TASK DETAILS ::
Return the lines below exactly, from the first line to the line that contains "Nesta terça-feira, 28". Leave out pictures.

*** Opening TASK MATERIAL ***

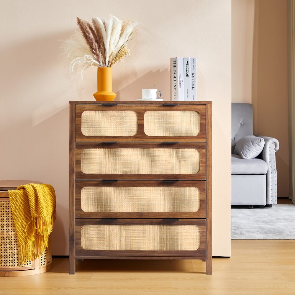 Modern Rattan Dresser Table Chest of Drawers with Metal Handles and 4 Drawers
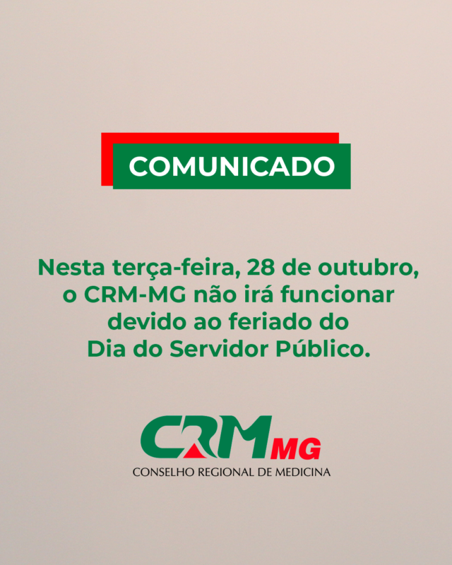 Nesta terça-feira, 28 de outubro, o CRM-MG não irá funcionar devido ao feriado do Dia do Servidor Público. Os serviços médicos oferecidos pelo Conselho continuam disponíveis no CRM Virtual, nosso Portal de Serviços. Acesse: portalservicos.cfm.org.br/portal/mg
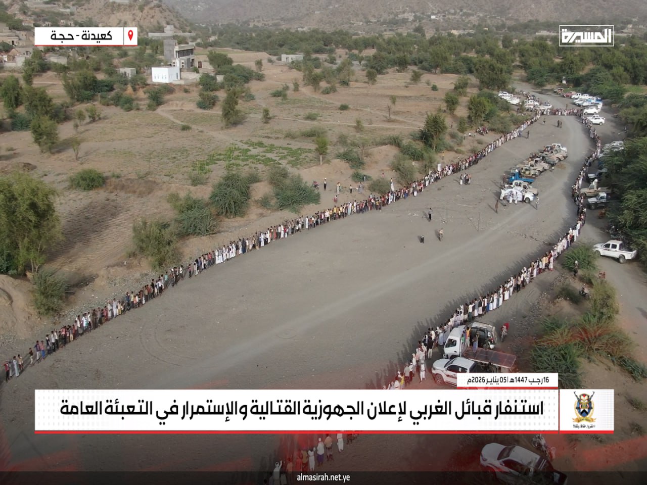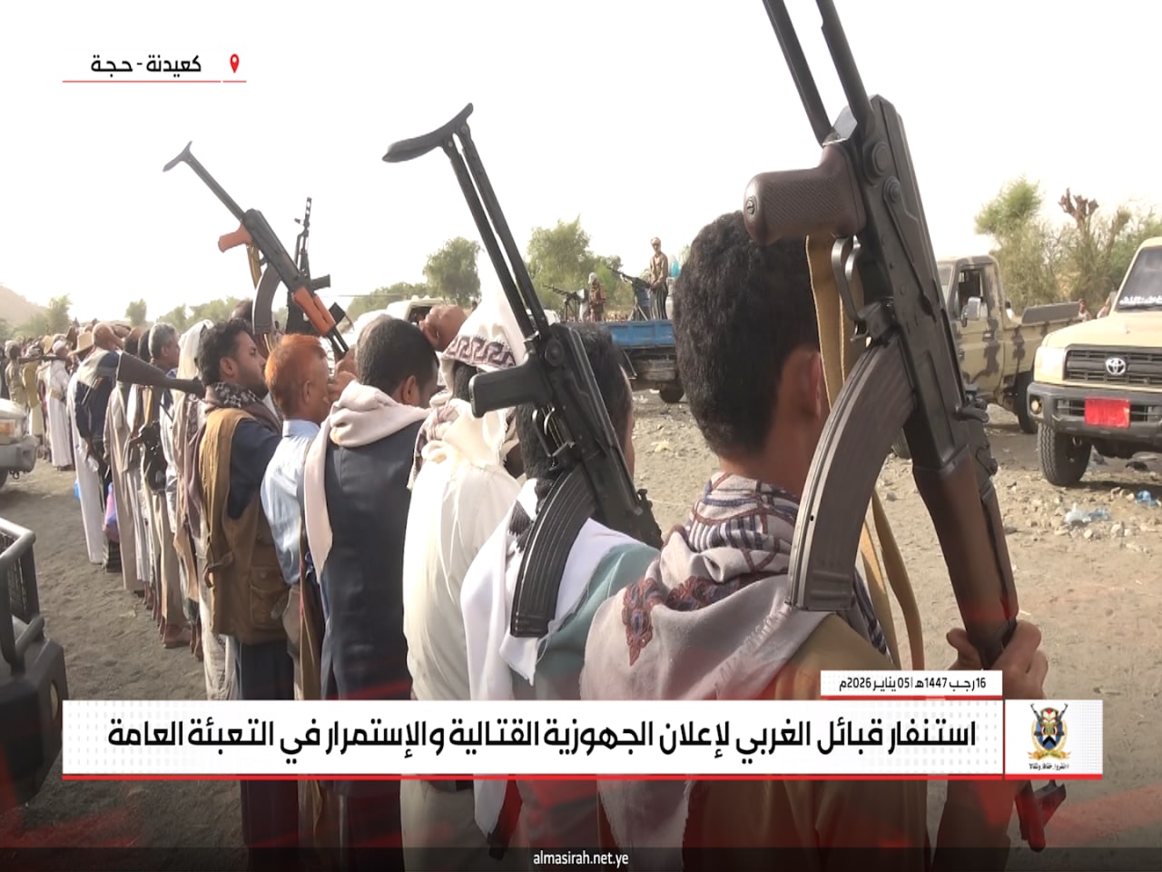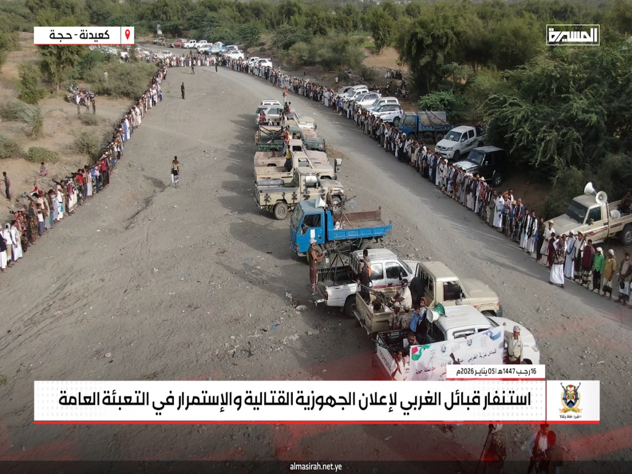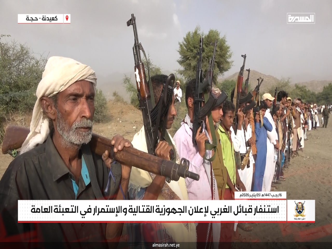 المسيرة نت | حجة: جدّدت قبائل عزلة الغربي في مديرية كعيدنة بمحافظة حجة، الاثنين، موقفها الثابت بالجهوزية الكاملة والاستنفار العام لمواجهة أي تصعيد عدواني صهيوني أمريكي قد يستهدف اليمن أو قطاع غزة، في إطار الالتزام بالدفاع عن الوطن ودعم الشعب الفلسطيني.
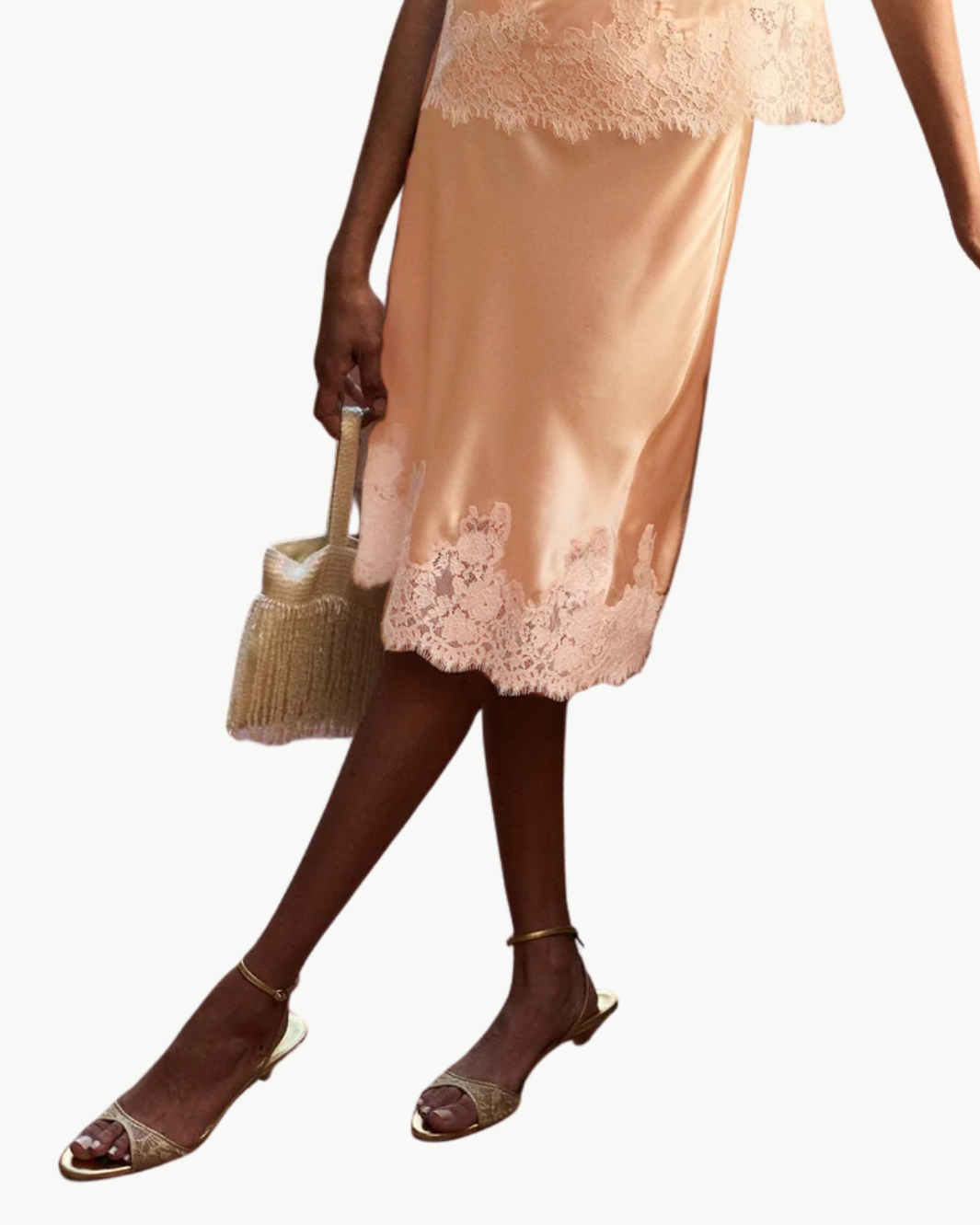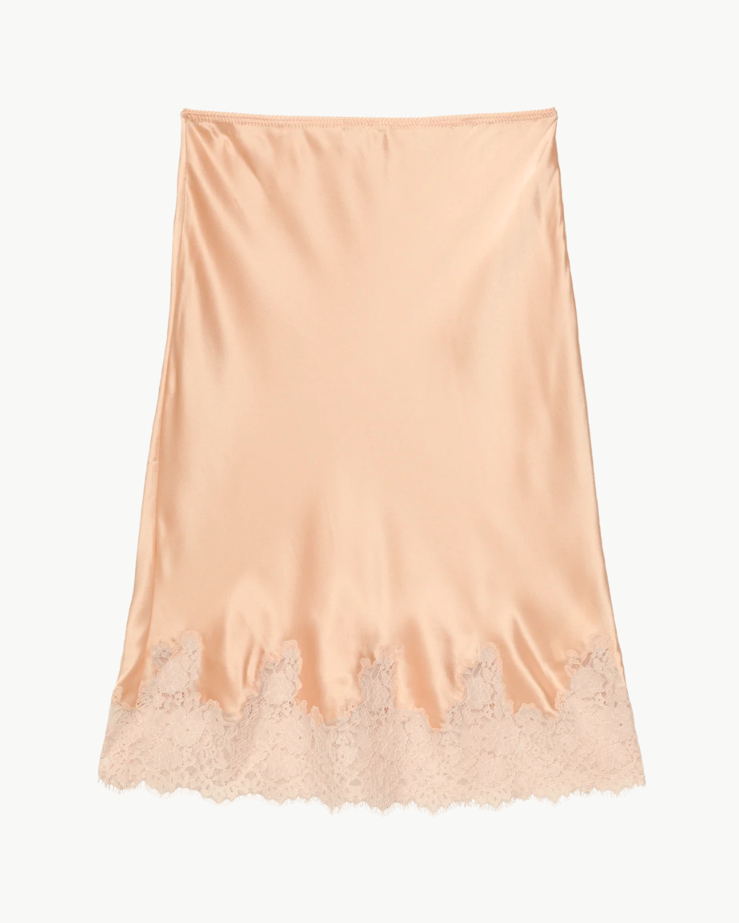 Cut on the bias from buttery silk satin, the Elowette Skirt is a midi-length silhouette finished with delicate scalloped elastic at the high waist and floral lace along the hem.
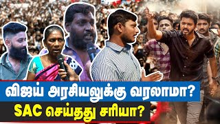 In this video public shared their opinion about SAC's new party in Vijay's name. And also shared their wish and refuse about vijay's future idea about political.
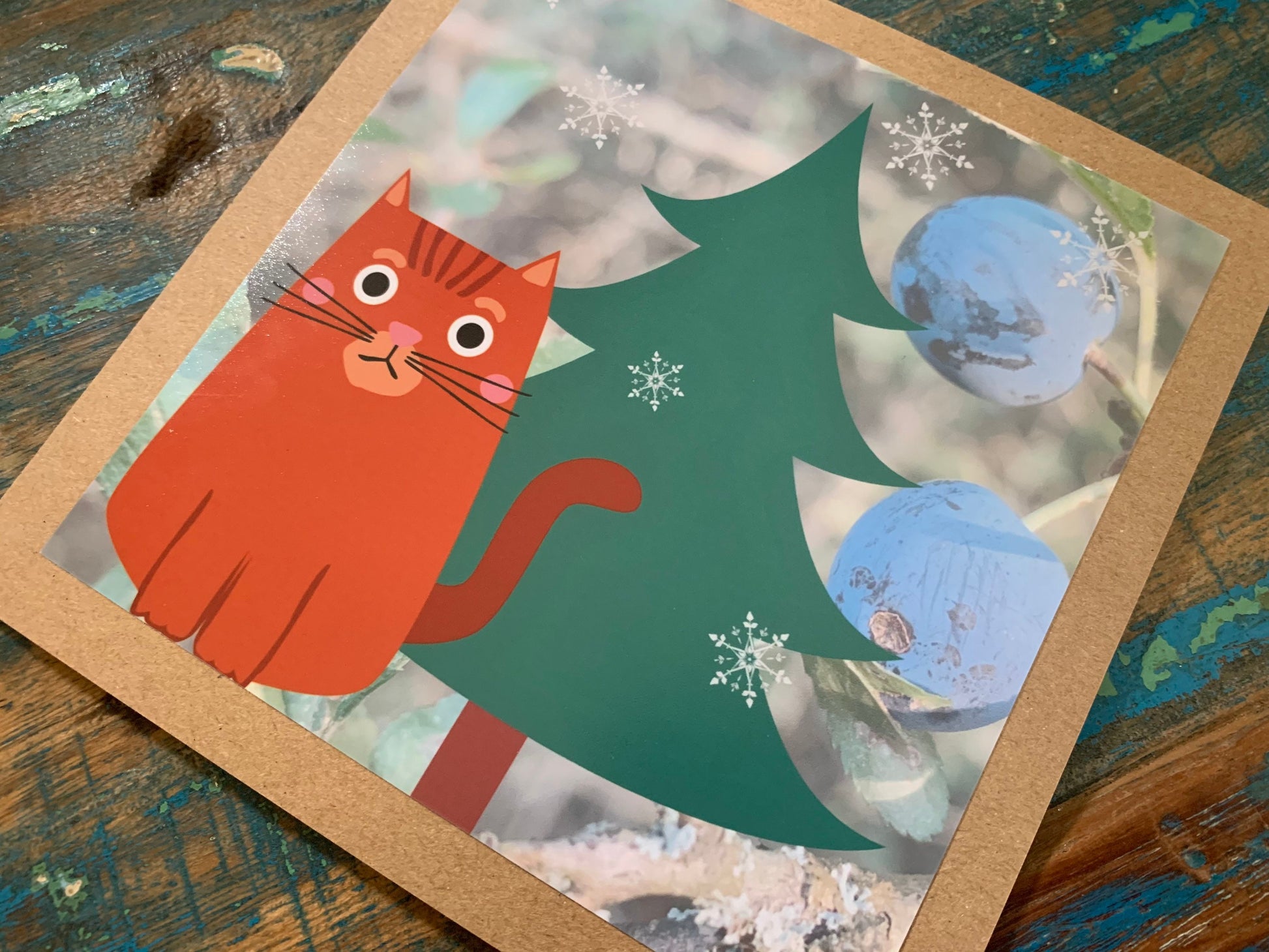 A fun card inspired by my love of animals and our natural environment. The cat is superimposed in front of a picture I took of sloe berries.
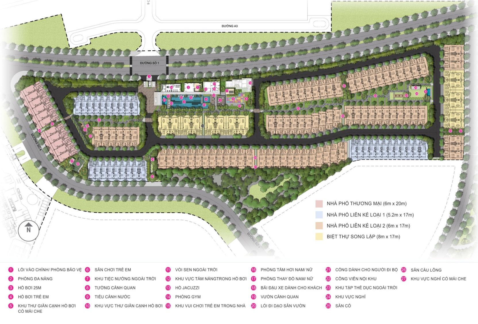Loại hình sản phẩm: Shophouse, Nhà phố liền kề, Biệt thự song lập và Biệt thự đơn lập
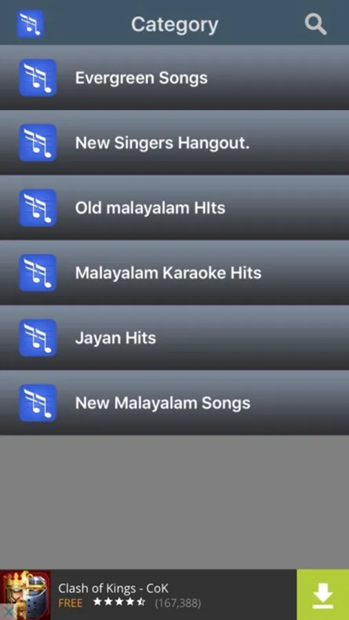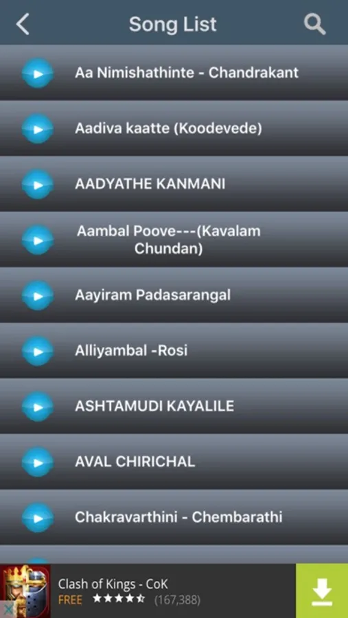 malayalam songs &karaoke music from one app.You can find songs from our great malayalam people like V. Dakshinamurthy , K. Raghavan , G. Devarajan M.S. Babu Raj P. Bhaskaran,O.N.V. Kurup and Vayalar Rama Varma etc. Also we trying to make seperate categories of mammooty,mohanlal,jayan,premnaseer,other actors listing.

*** Closing TASK MATERIAL ***

TASK ANSWER ::
 Modern Rattan Dresser Table Chest of Drawers with Metal Handles and 4 Drawers
 Nesta terça-feira, 28 de outubro, o CRM-MG não irá funcionar devido ao feriado do Dia do Servidor Público. Os serviços médicos oferecidos pelo Conselho continuam disponíveis no CRM Virtual, nosso Portal de Serviços. Acesse: portalservicos.cfm.org.br/portal/mg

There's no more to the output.